_Records to process_
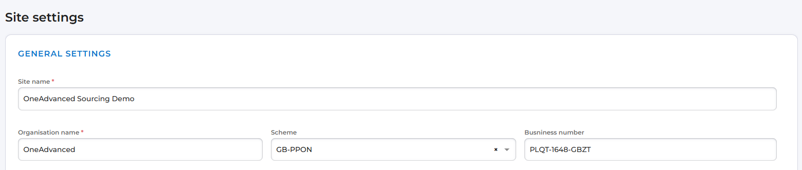 Within the Site Settings section in the Configuration module, you can enter details about your organisation to aid in setting the correct notice/attachment requirements for your contracts in the system.
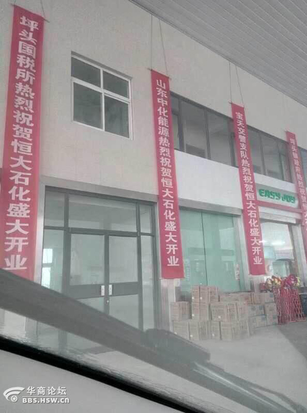 该值班民警还表示,2月7日上午已对“恒大石化”加油站的负责人进行了口头警告,在接受民警教育之后,该名负责人也意识到自己的错误,把所有条幅都撤了下来,“从挂上条幅到撤下,不到两天时间。”
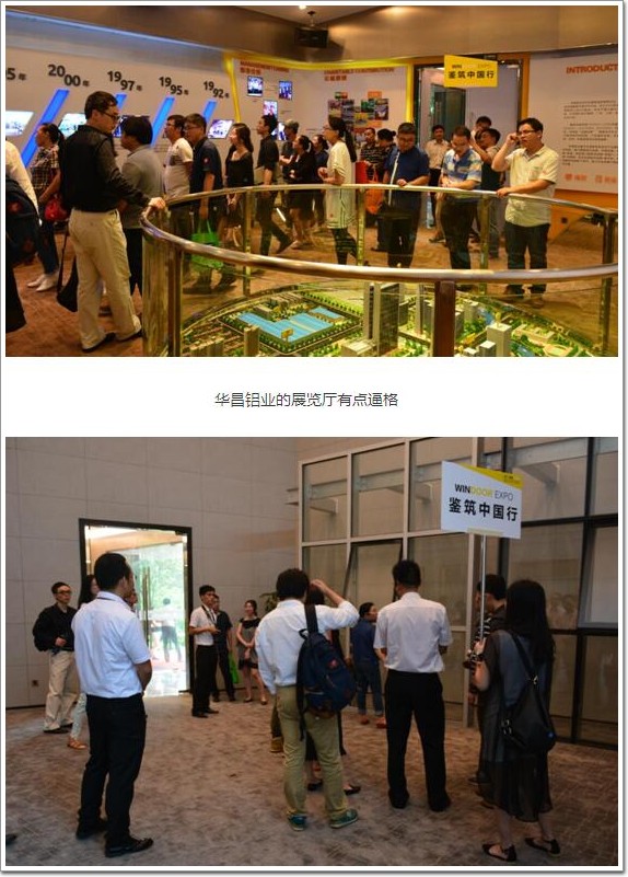 當天下午,WindoorExpo鑒筑中國行一行來到了“全國鋁合金型材產業知名品牌創建示范區十大骨干企業品牌”之一的華昌鋁業。華昌鋁業高層與建筑師探討了型材行業進入調整的大環境下的發展趨勢,也參觀了華昌的產品體驗廳和生產線,真切地體會到華昌鋁業強大的品牌綜合實力和對產品細節的精致要求。
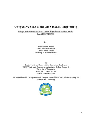 The University of Alaska Fairbanks College of Engineering and Mines has a legacy with the Steel Bridge Competition. Each year, since starting nearly three decades ago, the university has pushed the limits of the competition through vigorous ingenuity and teamwork. Having a small team, where funding is hard to come by and manufacturing is all done in-house, the team would seem to be at a disadvantage. However, the team has used their obstacles as challenges to overcome rather than to deter them. Through various community outreach activities, volunteering, and professional networking the Steel Bridge team gets involved with Fairbanks and raises enough funds for materials and travel to the Pacific Northwest and then onto National Conferences. Through in-house fabrication, the Steel Bridge Team learns hands on welding and design testing, and the value of transparency between design and construction. The team also focuses on building itself, developing the people around them into better, well-rounded, well-spoken and hardworking engineers of Alaska’s future.
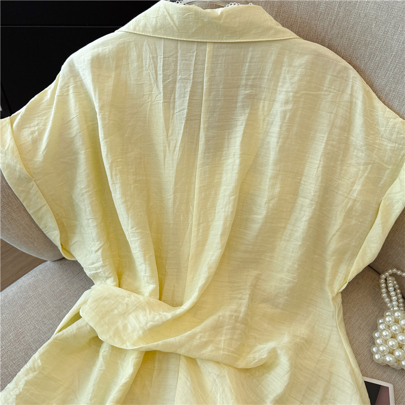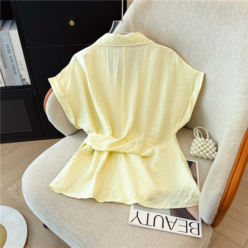 황색 프릴 행침 목 민소매 맨위 여성 2026 여름 새로운 순수한 욕망 디자인 센스 빅 사이즈 슬립 쉬폰 블라우스
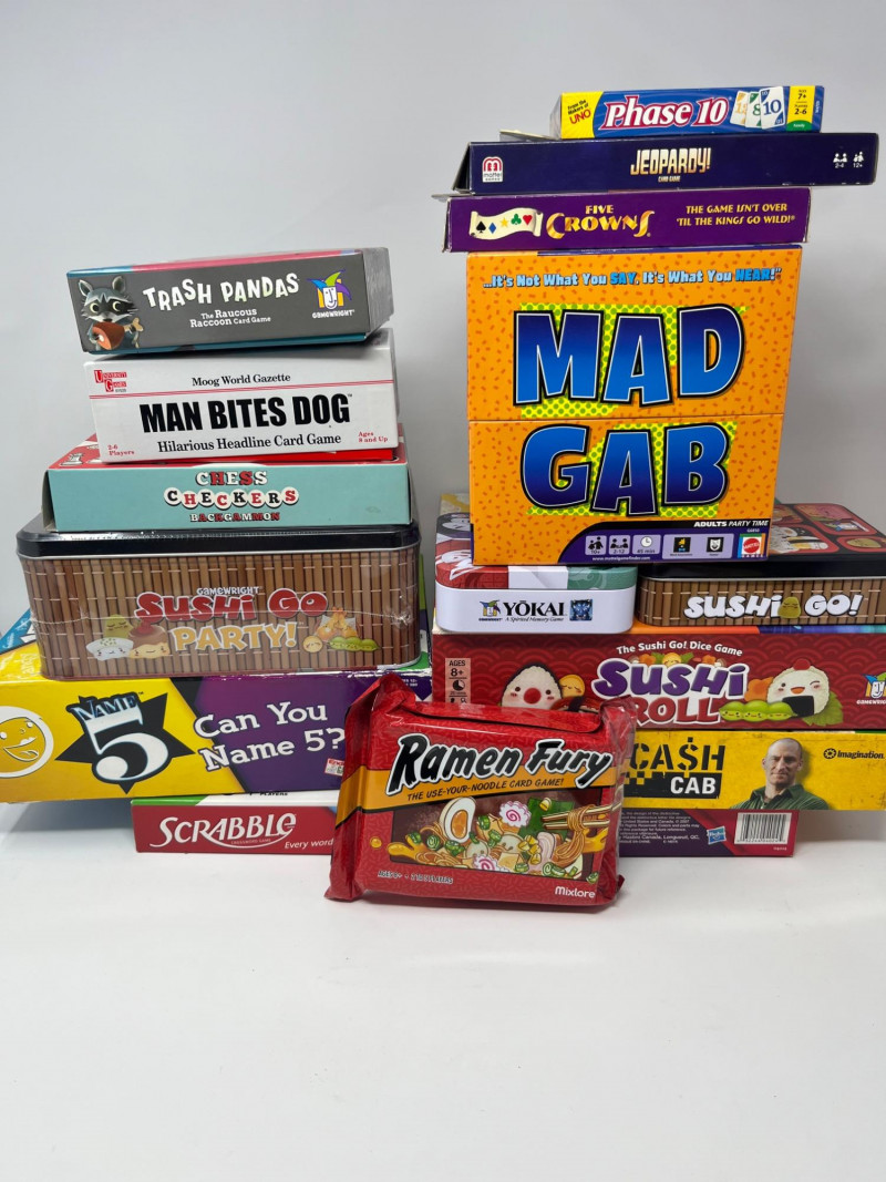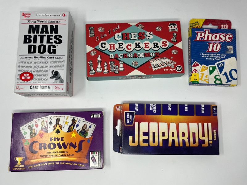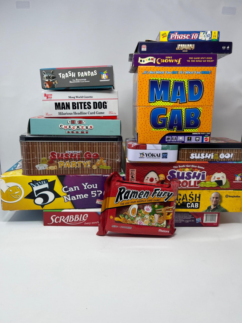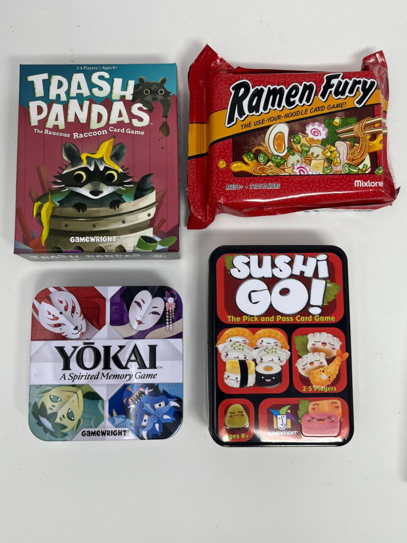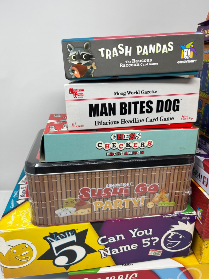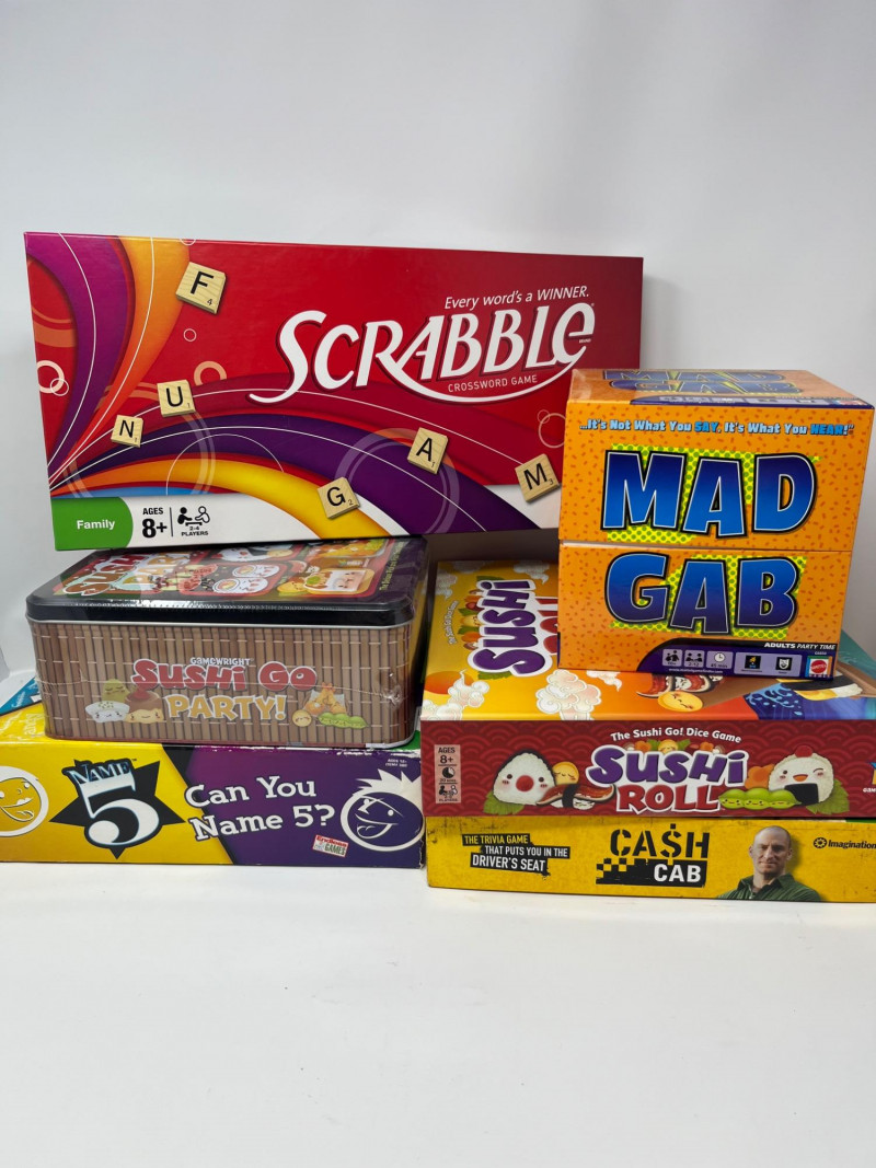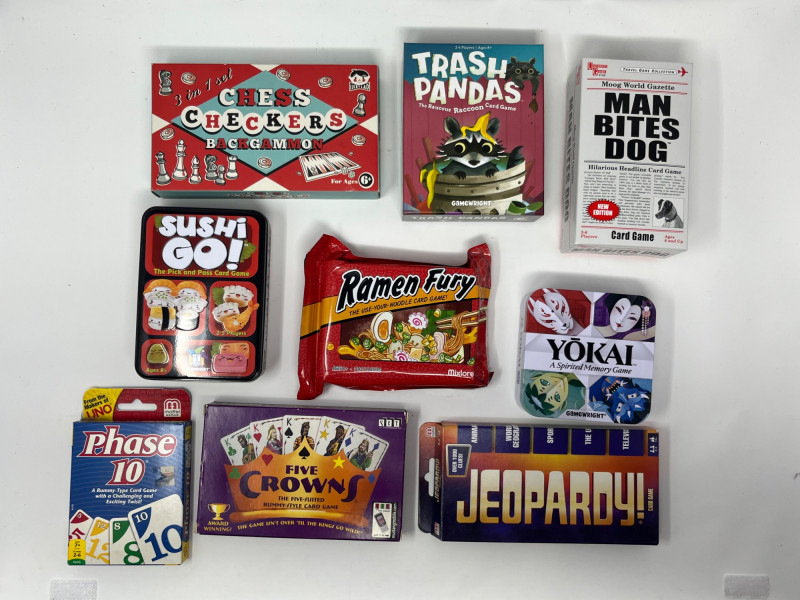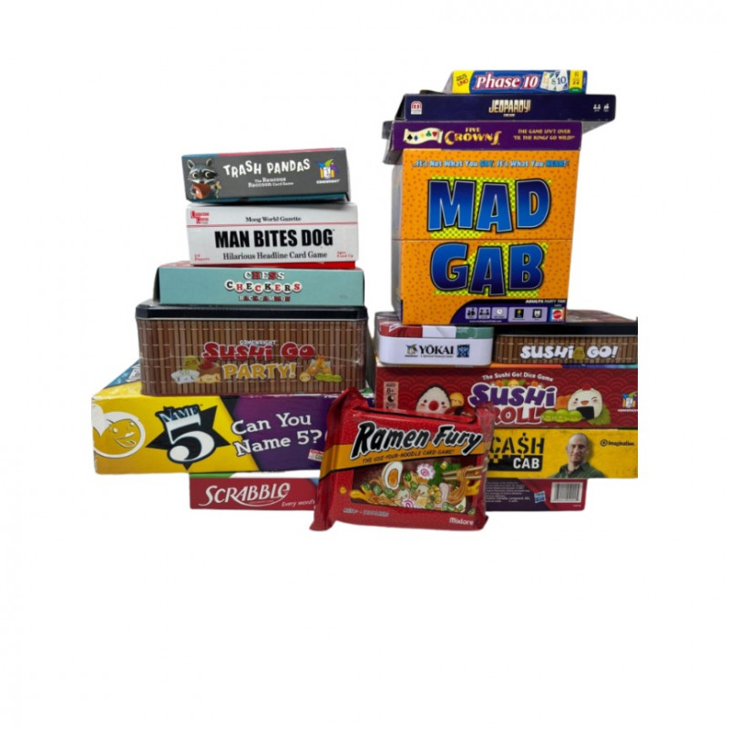 Lot of miscellaneous card and board games. Sold as-is, some are sealed. Games include: - Scrabble - Name 5 - Cash Cab - Ramen Fury *sealed* - Sushi Roll Board Game - Sushi Go Party Edition *Sealed* - Sushi Go Card Game - Yokai - Mad Gab - The Crowns - Jeopardy - Phase 10 - Trash Pandas - Man Bites Dog - Checkers

_What you should do_
Where the line with "當天下午,WindoorEx" appears, begin there and transcribe exactly through the last line of the data, leaving all pictures aside.

_Output of the task_
 當天下午,WindoorExpo鑒筑中國行一行來到了“全國鋁合金型材產業知名品牌創建示范區十大骨干企業品牌”之一的華昌鋁業。華昌鋁業高層與建筑師探討了型材行業進入調整的大環境下的發展趨勢,也參觀了華昌的產品體驗廳和生產線,真切地體會到華昌鋁業強大的品牌綜合實力和對產品細節的精致要求。
 The University of Alaska Fairbanks College of Engineering and Mines has a legacy with the Steel Bridge Competition. Each year, since starting nearly three decades ago, the university has pushed the limits of the competition through vigorous ingenuity and teamwork. Having a small team, where funding is hard to come by and manufacturing is all done in-house, the team would seem to be at a disadvantage. However, the team has used their obstacles as challenges to overcome rather than to deter them. Through various community outreach activities, volunteering, and professional networking the Steel Bridge team gets involved with Fairbanks and raises enough funds for materials and travel to the Pacific Northwest and then onto National Conferences. Through in-house fabrication, the Steel Bridge Team learns hands on welding and design testing, and the value of transparency between design and construction. The team also focuses on building itself, developing the people around them into better, well-rounded, well-spoken and hardworking engineers of Alaska’s future.
 황색 프릴 행침 목 민소매 맨위 여성 2026 여름 새로운 순수한 욕망 디자인 센스 빅 사이즈 슬립 쉬폰 블라우스
 Lot of miscellaneous card and board games. Sold as-is, some are sealed. Games include: - Scrabble - Name 5 - Cash Cab - Ramen Fury *sealed* - Sushi Roll Board Game - Sushi Go Party Edition *Sealed* - Sushi Go Card Game - Yokai - Mad Gab - The Crowns - Jeopardy - Phase 10 - Trash Pandas - Man Bites Dog - Checkers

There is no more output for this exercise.